Subject: Userland "cc -pg (gprof) profiling: working well on amd64?
To: None <tech-kern@netbsd.org, port-amd64@netbsd.org>
From: Jonathan Stone <jonathan@dsg.stanford.edu>
List: port-amd64
Date: 03/21/2006 20:19:35
Is profiling of userland code expected to work on amd64?
On either -current or netbsd-3.0?

I ask because I've been trying to profile some of my own old code, in
hopes of better understanding a 2:1 difference in user-CPU time
between recent Linux distros and NetBSD (to NetBSD's disadvantage), on
one of my own private, long-running apps.
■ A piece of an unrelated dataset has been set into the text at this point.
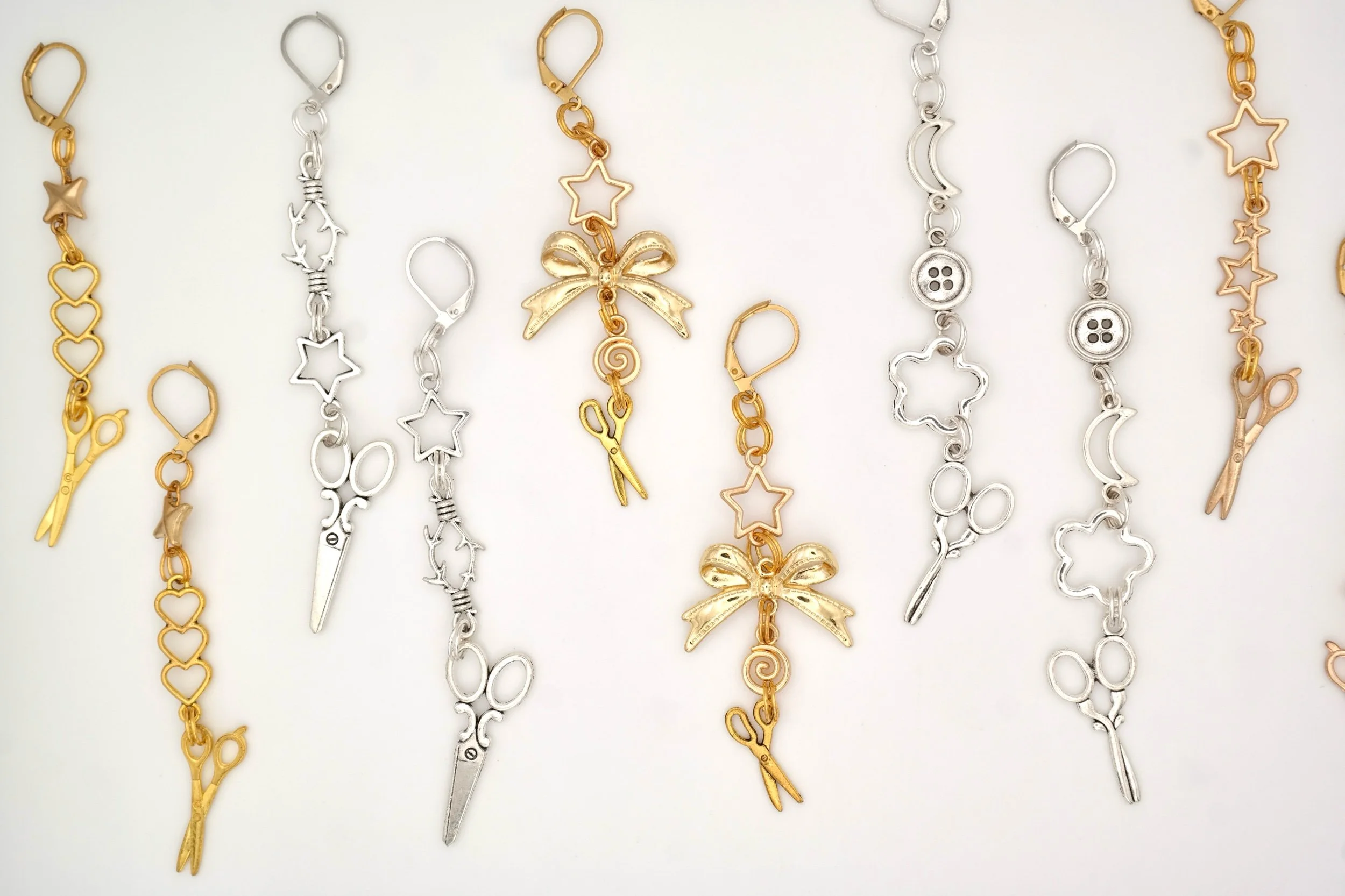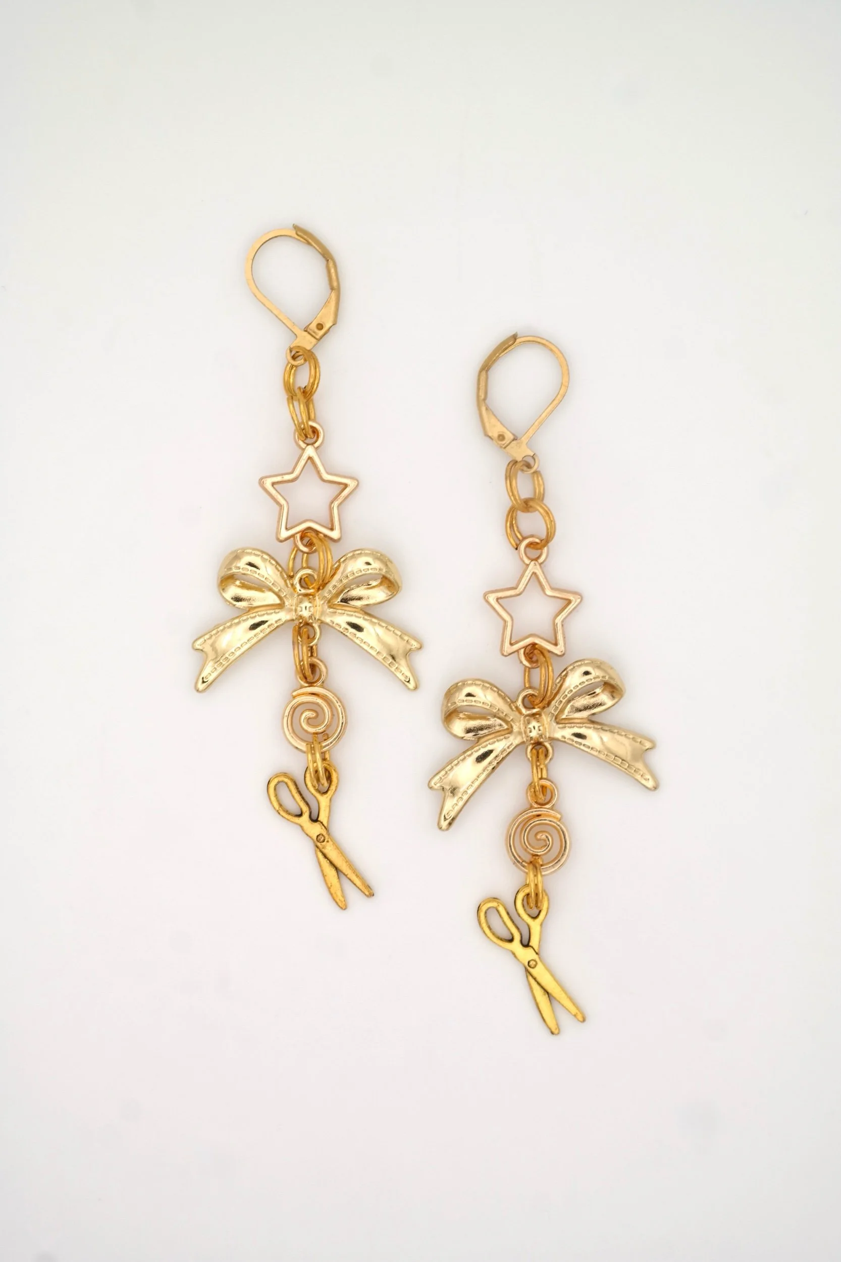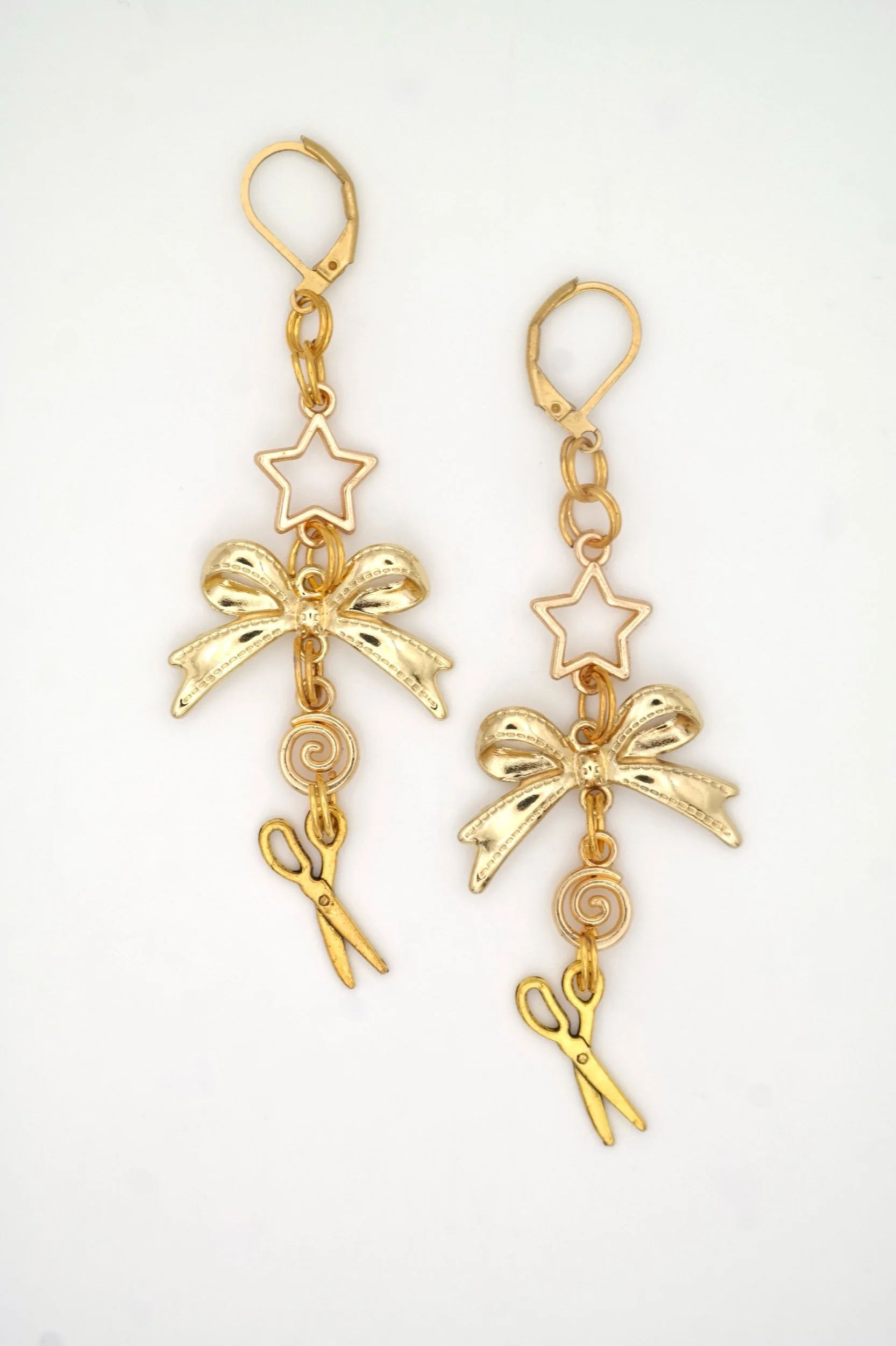 These gold earrings are perfect for a lesbian, sapphic, or hairdresser! They hang hollow star beads, bows, swirls, and the cutest scissor charms. The gold earring hooks clip in the back to be secured.

I'm consistently seeing the total user time reported by gprof on
NetBSD is only (very coarsely) 30% of the runtime reported by time
(csh or /usr/bin/time); and (after some brute-force adhoc VM tuning),
wall-time and CPU-time for my app are both matching externally-
measured wall-time fairly closely, on an otherwise-idle machine.

I'm wondering if the gprof data is uniformly missing samples, or the
scaling is buggy, or something else mysterious is going on.
(Stack smashing by the app is one possibility).

If it matters, the host I'm using is an dual-core socket-939 amd64,
with an SMP kernel either from -current as of late February, or
NetBSD-3.0 (or RC6, I forget which, but that's pretty close to 3.0).

Thanks in advance to anyone who shares relevant experiences,
(positive or otherwise).

--Jonathan